Guía Oliva 2019 will rate and describe extra virgin olive oils sold in Chile. The authors intend to educate consumers about what is going on in the Chilean olive oil world.
Guía Oliva 2019, a new guidebook for the best Chilean extra virgin olive oils, is set to be published October 1.
The book will feature detailed information about a number of local and imported oils, including a score from 65 to 100 points, a brief review of the oil, usage recommendations, producers’ contact information as well as where to buy the olive oil.
It’s going to be a book that exhibits what is happening with olive oil in Chile.- Carola Dümmer Medina, co-author of Guía Oliva 2019
“It’s a project that we’ve been talking about for many years,” Carola Dümmer Medina, an olive oil journalist and judge at the NYIOOC World Olive Oil Competition, told Olive Oil Times. “The industry is strong and we think the consumers need a tool like this to understand a little bit more about olive oil.”
Dümmer Medina and Alicia Moya Valenzuela, an agronomic engineer at Chile’s Pontifical Catholic University of Valparaiso and also a judge at the NYIOOC, are writing the guide to help educate consumers not only about the extra virgin olive oils available in Chile, but also how to use them in the kitchen.
See Also: Olive Oil Books“Consumers in Chile know very little about olive oil,” Dümmer Medina said. “They do not know many brands of olive oil, just the largest ones sold in the supermarket.

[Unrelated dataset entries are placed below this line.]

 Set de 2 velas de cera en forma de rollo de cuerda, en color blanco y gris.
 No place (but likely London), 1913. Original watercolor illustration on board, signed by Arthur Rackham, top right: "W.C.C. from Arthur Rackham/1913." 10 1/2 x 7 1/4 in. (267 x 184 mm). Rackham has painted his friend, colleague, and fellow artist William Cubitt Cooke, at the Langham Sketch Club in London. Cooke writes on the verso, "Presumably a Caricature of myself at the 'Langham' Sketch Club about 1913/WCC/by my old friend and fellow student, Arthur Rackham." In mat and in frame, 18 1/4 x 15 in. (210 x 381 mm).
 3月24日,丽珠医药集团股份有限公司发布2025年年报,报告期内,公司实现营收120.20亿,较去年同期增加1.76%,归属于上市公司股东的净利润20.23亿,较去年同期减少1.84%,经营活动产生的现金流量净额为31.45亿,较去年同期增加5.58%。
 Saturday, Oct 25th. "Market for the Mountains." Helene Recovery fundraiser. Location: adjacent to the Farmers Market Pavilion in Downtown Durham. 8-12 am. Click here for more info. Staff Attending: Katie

This will be very educational for them to understand what they can do with this specific oil.”
In spite of having produced 20,000 tons of olive oil in the 2018/19 campaign – of which an estimated 90 percent is graded as extra virgin – oil consumption in the Western Hemisphere’s second largest producing country is just 750 milliliters per capita per year.
Dümmer Medina and Moya Valenzuela believe that publishing the guide will help increase olive oil consumption, in part, by highlighting the oils of small-scale producers, which may not be sold outside of the town in which they are produced.

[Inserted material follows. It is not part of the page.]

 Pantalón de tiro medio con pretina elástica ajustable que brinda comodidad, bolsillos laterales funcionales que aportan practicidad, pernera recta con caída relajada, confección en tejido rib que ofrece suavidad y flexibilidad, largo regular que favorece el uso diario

“I think for the small producers, it is a big opportunity because they do not have much visibility here on a national level,” Dümmer Medina said. “Now they will have access to a bigger group of consumers that are willing to try different brands of olive oil, so it is going to be a big opportunity.”
Larger producers are also likely to benefit from the guide, the two authors contend, as it will also provide them with an opportunity to differentiate themselves from the competition.

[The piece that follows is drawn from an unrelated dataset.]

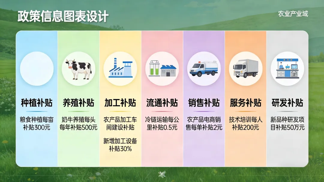 - 核心补贴:合作社/家庭农场能力提升补贴+农业龙头企业专项补贴,配套经营主体培育资金池,强化联农带农效应。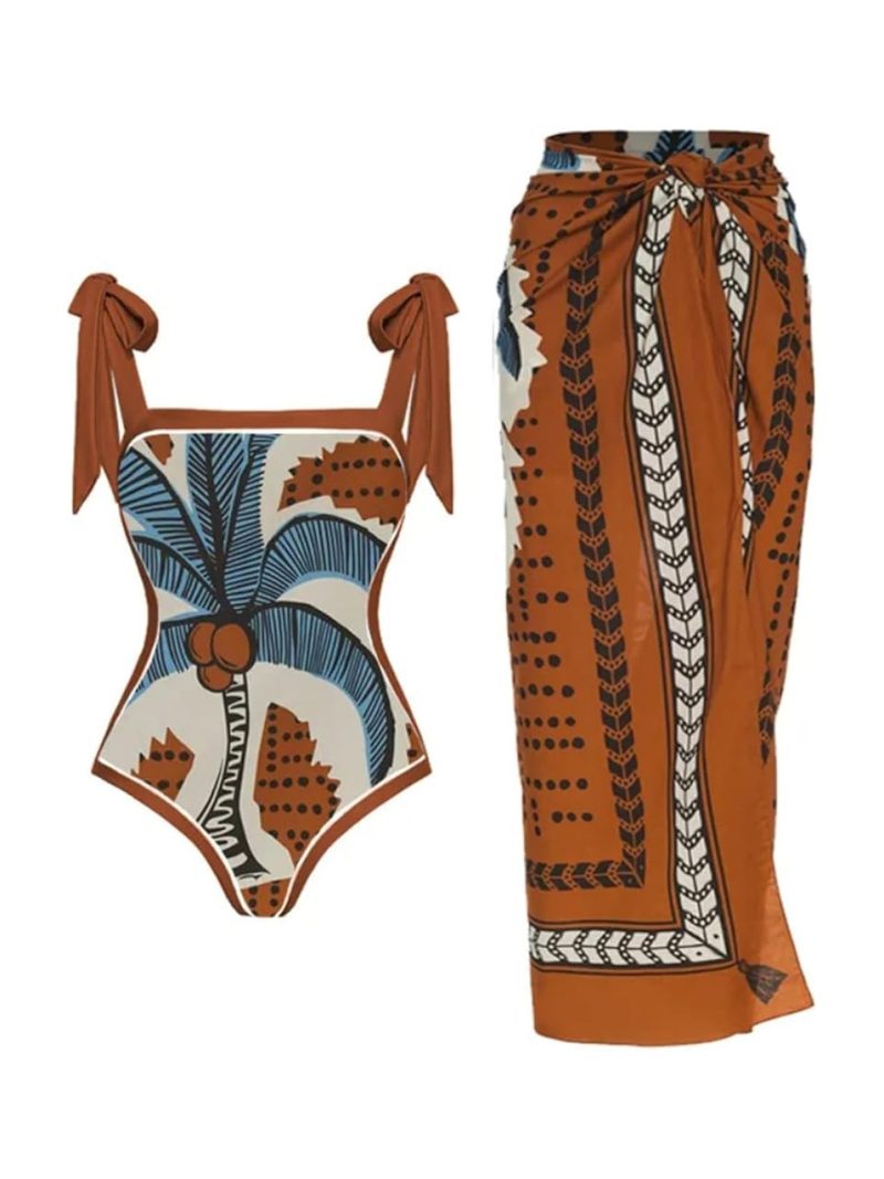 Bohemian-inspired palm print one-piece swimsuit with tie shoulder straps paired with a coordinated wrap sarong for a bold resort statement.

“There are lots of guides in the world and people are always looking at guides to see which ones are the best-ranked oils,” Dümmer Medina said. “For me, the more information available about the companies is better. It’s not like you buy oils solely because the guide said it’s the best one.”
“We will try to make it very interesting for consumers to read, giving them some history about the companies,” she added.
For the guide’s first edition, which will be published in English and Spanish, producers can register their olive oils on the book’s website before sending a sample of their extra virgin olive oils to Dümmer Medina and Moya Valenzuela to be tasted and ranked. The only restriction on entries is that the oils must be sold in Chile or on Easter Island.
The guide will divide the extra virgin olive oils into six different categories. Three of these will be for Chilean olive oils based on the size of the producer, one will be for foreign olive oils that are sold in Chile and the final two will be for flavor-infused olive oils, which are becoming increasingly popular in the country.
“It’s going to be a book that exhibits what is happening with olive oil in Chile,” Dümmer Medina said. “It’s a big opportunity to make people more conscious about the benefits of olive oil and to help them choose the best olive oils to buy in the supermarket.”